Mechanisms of Retarded Apical Filling in Acute Ischemic Left Ventricular Failure
Background—We examined the hypothesis that retardation of apical filling as measured by color M-mode Doppler echocardiography in the diseased left ventricle (LV) reflects a decrease in the intraventricular mitral-to-apical pressure gradient.
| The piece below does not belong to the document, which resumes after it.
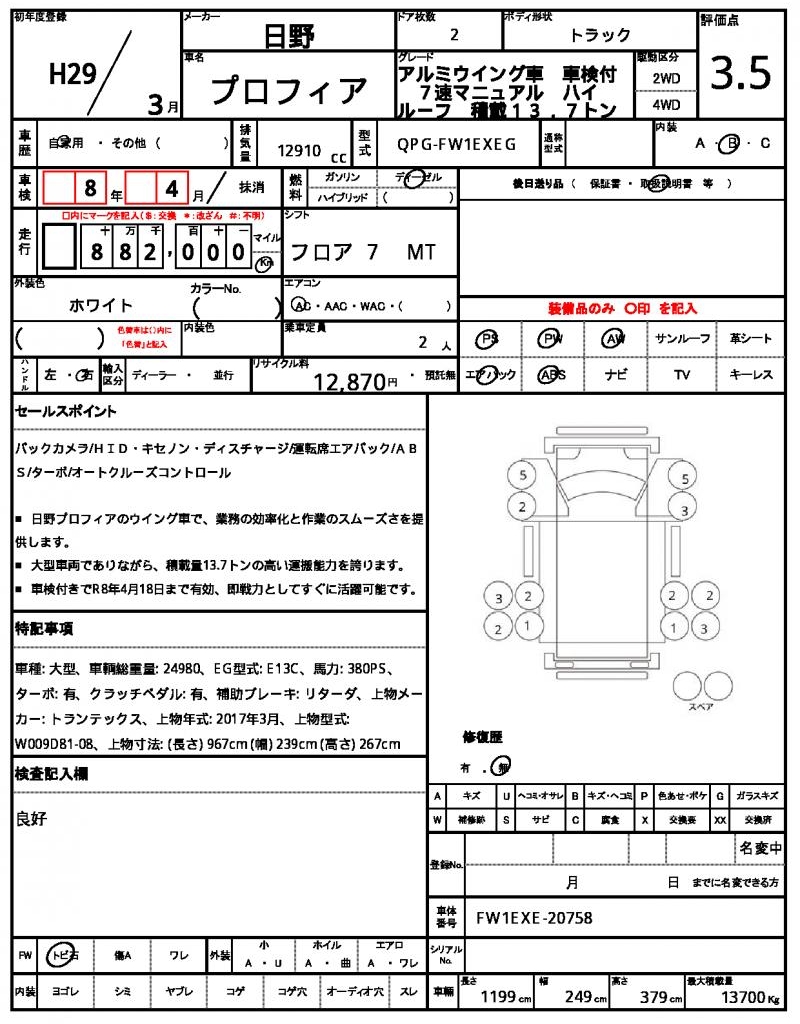 | VIN/Serial No. | FW1EXE-20758 |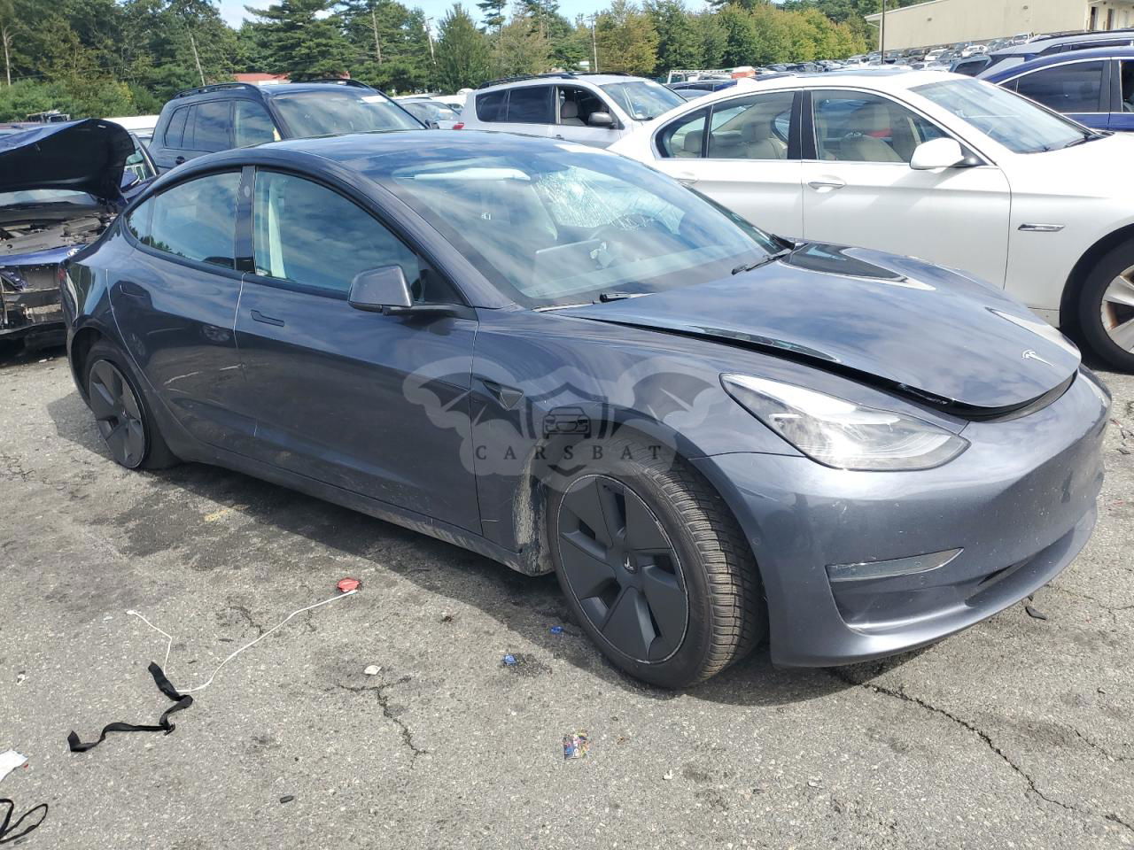 Szary Tesla Model 3 2022 roku | Elektryczny

Methods and Results—In 9 open-chest anesthetized dogs, micromanometers were placed near the mitral tip and in the apical region. From the color M-mode Doppler images, the time delay (TD) between peak velocity at the mitral tip and the apical region was determined as an index of LV flow propagation. Acute ischemic LV failure was induced by coronary microembolization. Induction of ischemia caused a marked increase in LV end-diastolic pressure and a decrease in LV ejection fraction. The time constant of LV isovolumic apical pressure decay (τ) increased from 31±8 to 49±16 ms (P<0.001). The peak early diastolic mitral-to-apical pressure gradient (ΔPLVmitral-apex) decreased from 1.9±0.9 to 0.7±0.5 mm Hg (P<0.01), and TD increased from 5±3 to 57±26 ms (P<0.001). The slowing of flow propagation was limited to the apical portion of the LV cavity. The TD correlated with ΔPLVmitral-apex (r=−0.94, P<0.01) and with τ (r=0.92, P<0.01). Before ischemia, the mitral-to-apical flow propagation velocity far exceeded the velocity of the individual blood cells, whereas during ischemia, flow propagation velocity approximated the blood velocity.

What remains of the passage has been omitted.